Repeat exactly the lines of the material below that run from the "アクリル系商品、クッション、" line to the "Chest Width = 22" line, including both, and do not carry over any pictures.

Exercise materials:
------------------------------------------------
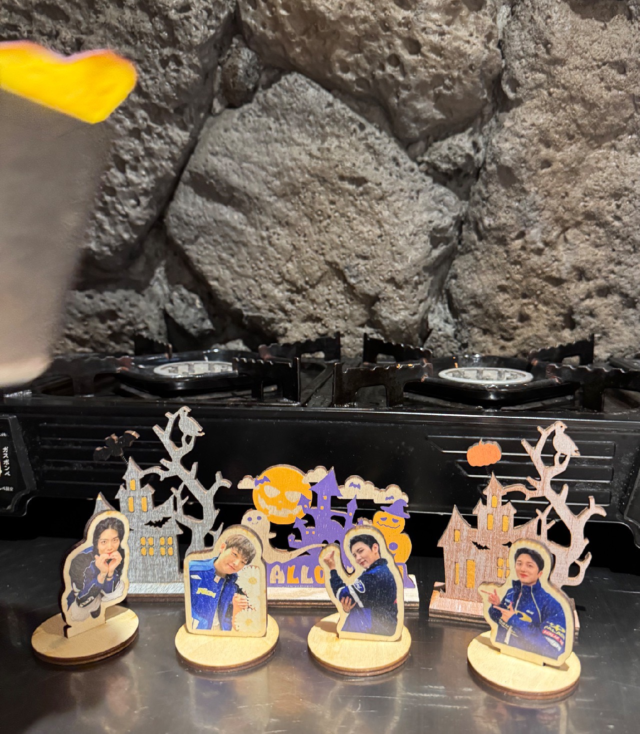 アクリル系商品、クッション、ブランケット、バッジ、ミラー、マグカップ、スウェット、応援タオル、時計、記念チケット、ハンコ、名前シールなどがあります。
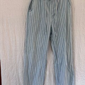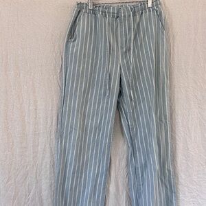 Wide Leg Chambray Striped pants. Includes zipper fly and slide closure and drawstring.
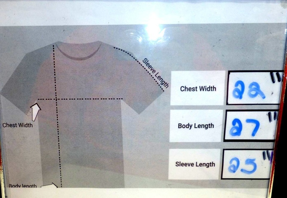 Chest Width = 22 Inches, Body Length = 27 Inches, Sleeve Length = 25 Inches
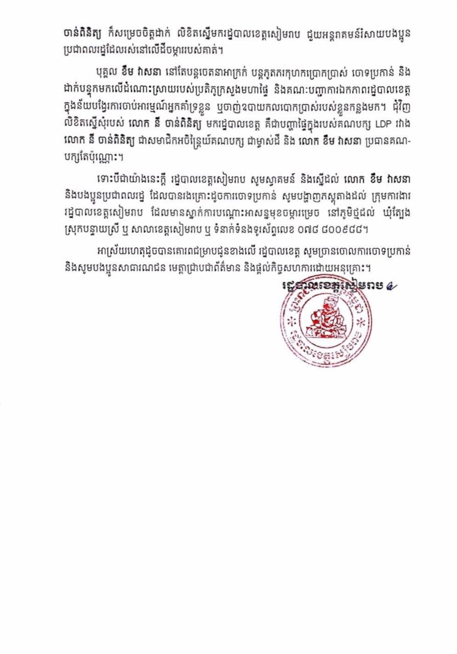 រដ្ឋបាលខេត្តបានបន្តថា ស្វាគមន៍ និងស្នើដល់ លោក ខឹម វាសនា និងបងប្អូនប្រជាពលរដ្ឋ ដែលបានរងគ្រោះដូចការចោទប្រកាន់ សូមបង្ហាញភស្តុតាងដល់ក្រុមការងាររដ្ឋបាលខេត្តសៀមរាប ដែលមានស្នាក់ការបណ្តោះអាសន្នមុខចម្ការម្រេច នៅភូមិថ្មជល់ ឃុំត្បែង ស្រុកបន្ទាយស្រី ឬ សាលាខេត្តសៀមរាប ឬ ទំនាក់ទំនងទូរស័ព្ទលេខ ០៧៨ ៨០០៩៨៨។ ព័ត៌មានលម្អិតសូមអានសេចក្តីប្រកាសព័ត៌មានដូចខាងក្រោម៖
------------------------------------------------
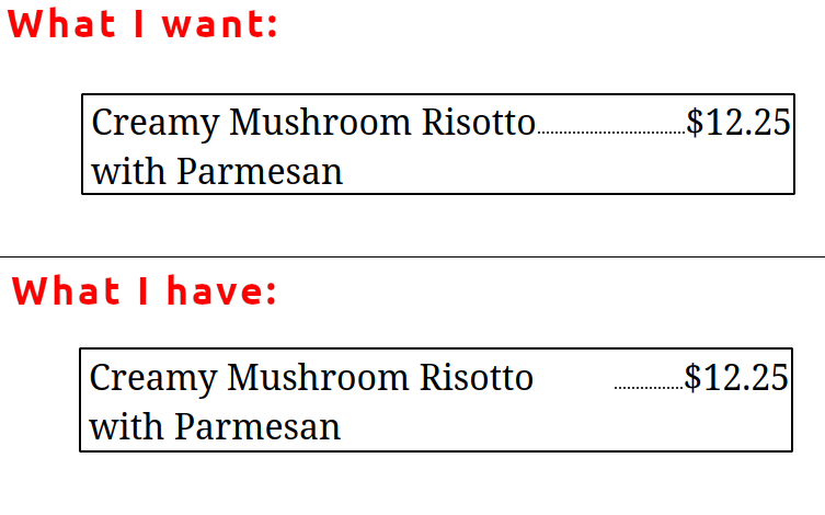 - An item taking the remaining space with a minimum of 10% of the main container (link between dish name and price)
------------------------------------------------
Your response:
 アクリル系商品、クッション、ブランケット、バッジ、ミラー、マグカップ、スウェット、応援タオル、時計、記念チケット、ハンコ、名前シールなどがあります。
 Wide Leg Chambray Striped pants. Includes zipper fly and slide closure and drawstring.
 Chest Width = 22 Inches, Body Length = 27 Inches, Sleeve Length = 25 Inches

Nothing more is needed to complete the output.